This mail was meant for April 11. However Gmail decided to place this in my Junk folder, as a result I didn't see Dad's email until yesterday. Apologies! This is a good post and his last from the ship.
Surprisingly and frustratingly the voyage is still continuing. But I refuse to title this entry in my diary at ‘ANTARCTICA ON 11.04.2008. I know Chitra will smile mischievously and say something deeply piercing, but I shall take the risk of subjecting myself to that. It is 11 in the morning, and I have just returned to my room from the deck, no land yet to be sighted. The voyage is still continuing! So annoying! For last few days when we all were playing the guessing game of when we would see the Goa shoreline, some more knowledgeable amongst us had confidently said that by 6 pm on the 10th April our mobiles would start getting the signals confirming that we were only two hours away from the Goa shoreline and by 6 am next morning we should be able to dock since the ship is not guided to the shore during night time; and hopefully we would touch our dear ‘mathrabhoomi’ by ten am. But, alas, it did not happen. By no stretch of imagination we are anywhere near the Antarctica, however, the unpredictability of Antarctica continues to cling to us and influence each and every decision of ours. Last night at about 9 pm, rumour spread in the dinning lounge that mobiles had started getting signals. Abondoning the party, people left their Scotch on the table to join the excitement on the deck. I rushed to my room climbing all the way to the top floor to fetch my mobile. But it all proved to be a hoax; there were no signals yet. What was surprising that the ship was standstill on the seas which appeared totally still. I had seen her once grinding to a halt in the pack ice on our return journey from the Larsemann Hill, but there was no pack ice here. Next morning we would know that one engine had developed some snag and while repair was being undertaken, the strong current had pushed back the ship by three nautical miles.

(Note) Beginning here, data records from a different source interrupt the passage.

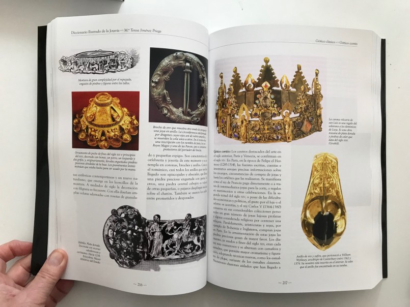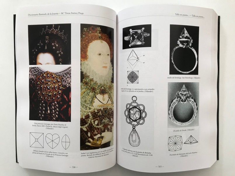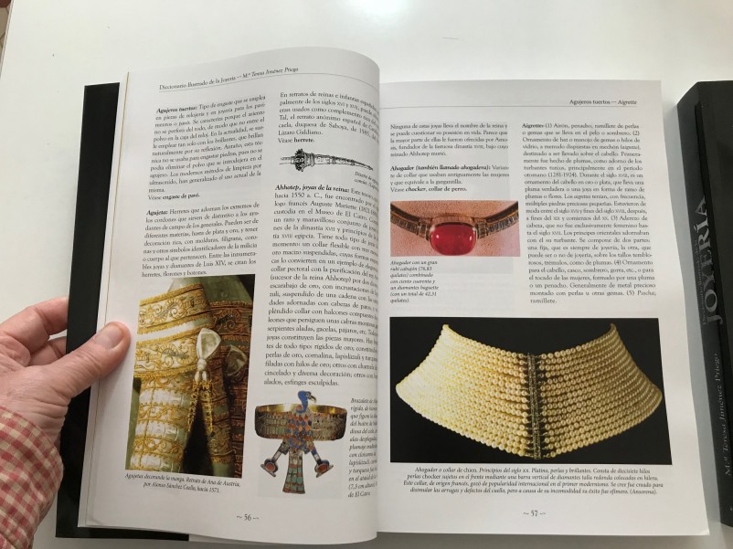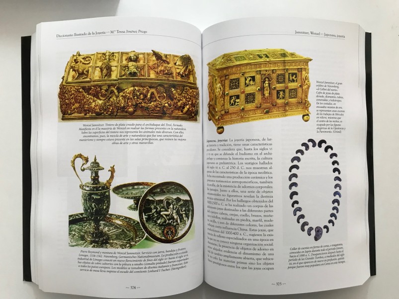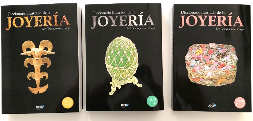 Grandísima obra de María Teresa Jiménez Priego. Sin duda este Diccionario de Joyería contribuirá a enriquecer,  mantener y prolongar en el tiempo los conceptos y conocimientos  de joyería.  Se presenta en tres tomos de gran formato con tapa blanda. Gran profusión de fotografías, esquemas, planos, mapas, gráficos, bocetos, etc. a color y en blanco y negro. Nomenclatura de joyas, de piedras, de herramientas de joyero, de engastador, tipos de engastes, aleaciones de metales, estilos de tallas, .., etc. y un sin fin de términos. Además tiene un apéndice de términos usados en la joyería de los siglos XVII y XVIII, otro apéndice de la evolución de la joyería inglesa , otro con mapas de yacimientos, minas, migraciones y movimientos de culturas. Un cuarto apéndice con la cronología de Fabergé.  Otro con la cronología de las tallas, su evolución.  Índice de palabras.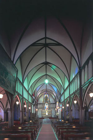 内部平面は他に例を見ない五廊式で第二側廊を持っているが、第二側廊部は柱間毎に仕切られて小祭壇等が設置されているので、会堂部としては三廊式と呼べるものである。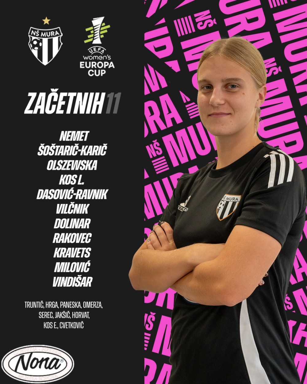 Za nogometašicami Mure None je prva tekma osmine finala Evropskega pokala proti danski ekipi Nordsjælland. Črno-bele so tekmo v gosteh izgubile z 1:0 in pred povratno tekmo, ki bo 19. novembra, ohranjajo upanje na napredovanje. Edini zadetek je padel v prvem polčasu.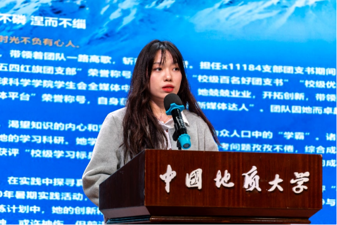 黄晴6次参与野外实践,两获“优秀实习生”称号。她将荆楚文化与地学专业深度结合,获“三下乡”实践校级一等奖,在珠峰国际论坛上作英文报告。她带领班级与离退休党支部结对共建,助力班级获评“五四红旗团支部标兵”。她以“一万年太久,只争朝夕”的干劲,成为青年扎根专业、兼具家国情怀与集体责任的典范。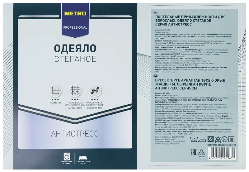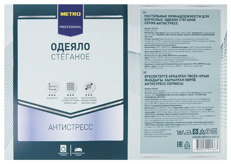 METRO PROFESSIONAL Одеяло полиэстер 100% серия антистресс, 200 x 220см

Since this morning I am restless. I could manage only a few hours of sleep last night, and have been awake again since 4:00 in the morning. I try for some time to get back to sleep, and then leave the room at five to have some tea. I come out on the deck, the ship is sailing faster as if to compensate for the loss of three hours last night. There are still some stars visible in the sky. The wind is warm and humid, unlike any of which I had been enjoying all these past days. No birds or dolphins to be sighted. The tea tastes tasteless. I retire to my room. I am over with most of my packing. In last two days I have gone through print edition of most of my mails, and trashed them. I am now reading Chitra’s mails of last two months. How biting are her words! What Ishu says as her ‘wit or dry wit’, is sheer stabbing: “vain you have been all along; insufferable to live with a celebrity; don’t count on us, just count your fan mail; come by the slowest train, or better, just walk to extend your voyage; you have an MBA in remote management”
I do not have appetite for any breakfast. I make a strong cup of coffee for myself, but do not enjoy it. There is some activity on the deck, everyone out there has a mobile in his hand, however no luck so far. I join the group walking from fauxel, the frontmost area, to the stern, the last open space of the ship on the back, to find the vintage point to receive the signal. Very anxious moments indeed. Then at 11:30, someone shrieks that his mobile is getting a strong signal. Hurray, my mobile does not fail me. I scurry for a spot which gives me strongest signal. After five months of not using my mobile, I fiddle with its keys. I try Chitra’s mobile and in my first attempt it connects. It is reassuring talking to her, it is like a balm to my frayed nerves.